The forecasted health-related trends are:

  • The aging workforce could drive twice the prevalence of arthritis in the workforce in the next 15 years, causing employers to reengineer job tasks, job sites and job tools.
  • The upward trend in obesity-related illnesses should begin to curb as public pressure forces increased awareness and preventative measures.
  • The aging workforce could drive three times the prevalence of heart disease in the workforce in the next ten years, forcing greater societal intolerance for sedentary lifestyles, smoking and obesity.
  • As the workforce ages, the incidence of cancer is likely to increase two-fold over the next ten years, putting new pressures on employer-sponsored health plans. Expect to see new insurance-related penalties for risky lifestyle choices such as smoking.
  • As productivity demands continue to surge, look for stress, anxiety and depression levels among blue-collar workers to increase significantly over the next five years, erasing the stereotype of psychiatric illness as a "white-collar disease."
  • With antibiotic-resistant strains on the rise and greater international migration, look for new epidemics of infectious diseases to challenge the American workforce over the next ten years.
  • As individuals are increasingly responsible for managing -- and paying for -- their healthcare, expect to see greater discrepancies between the haves and have-nots. Industries with large populations of low-wage workers will face rising healthcare and disability costs.
  • Over the next five years, expect employers to hold medical carriers increasingly accountable for reducing absences and returning employees to work quickly. There will be a blurring of the roles traditionally assumed by medical providers and disability carriers.

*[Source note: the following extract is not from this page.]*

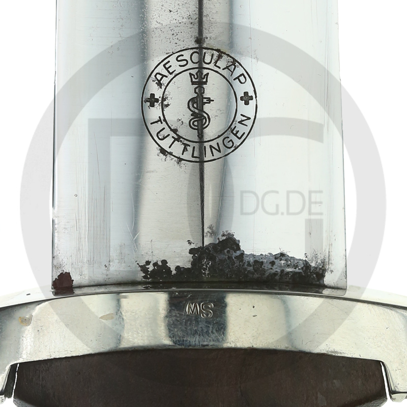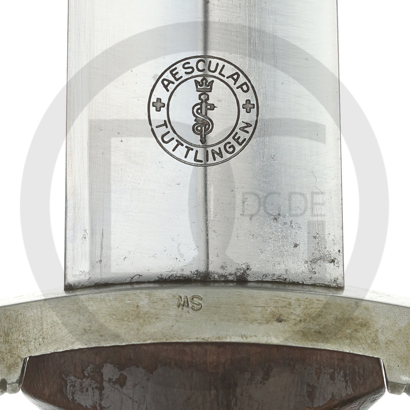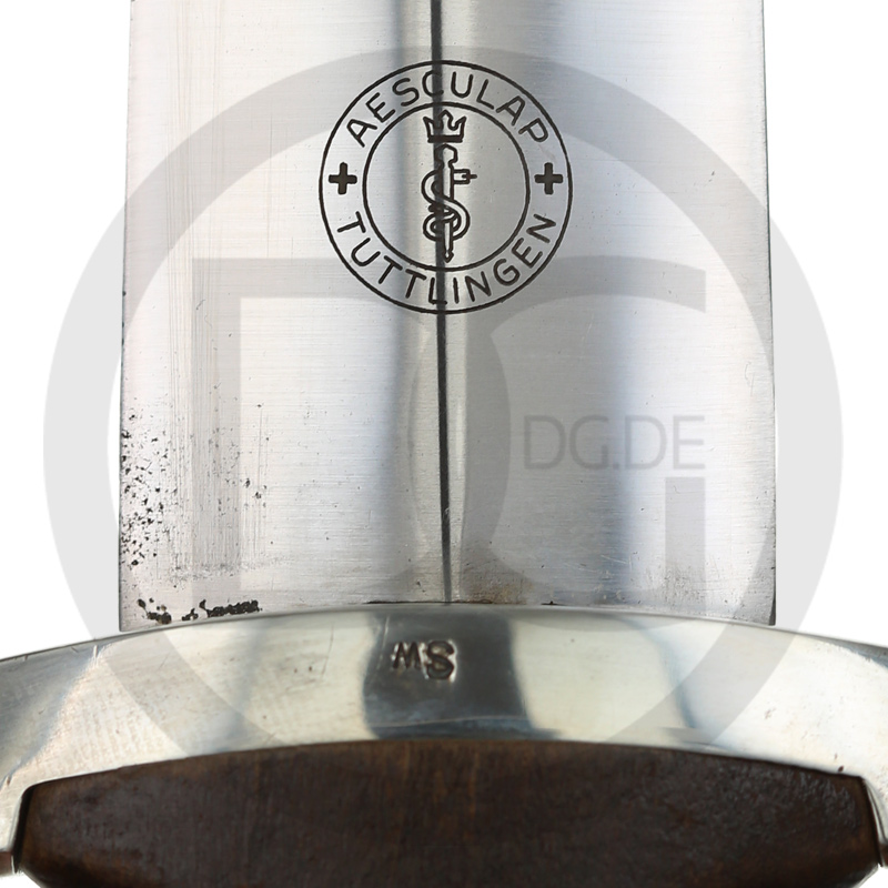 По травлёному логотипу со змеёй и посохом, надписи «AESCULAP TUTTLINGEN», ранним никелевым деталям и высокому качеству обработки рукояти и клинка.

In light of these trends, disease prevention will take on an increasingly critical role for employers, employees and the medical community.

"Prevention of illness or injury is the highest priority for appropriately managing workplace absences," says Jane Brody, personal health columnist for The New York Times.

"Investing in prevention and risk reduction programs such as mental health services, physical rehabilitation services and cardiac wellness programs can be very beneficial to an employer's bottom line."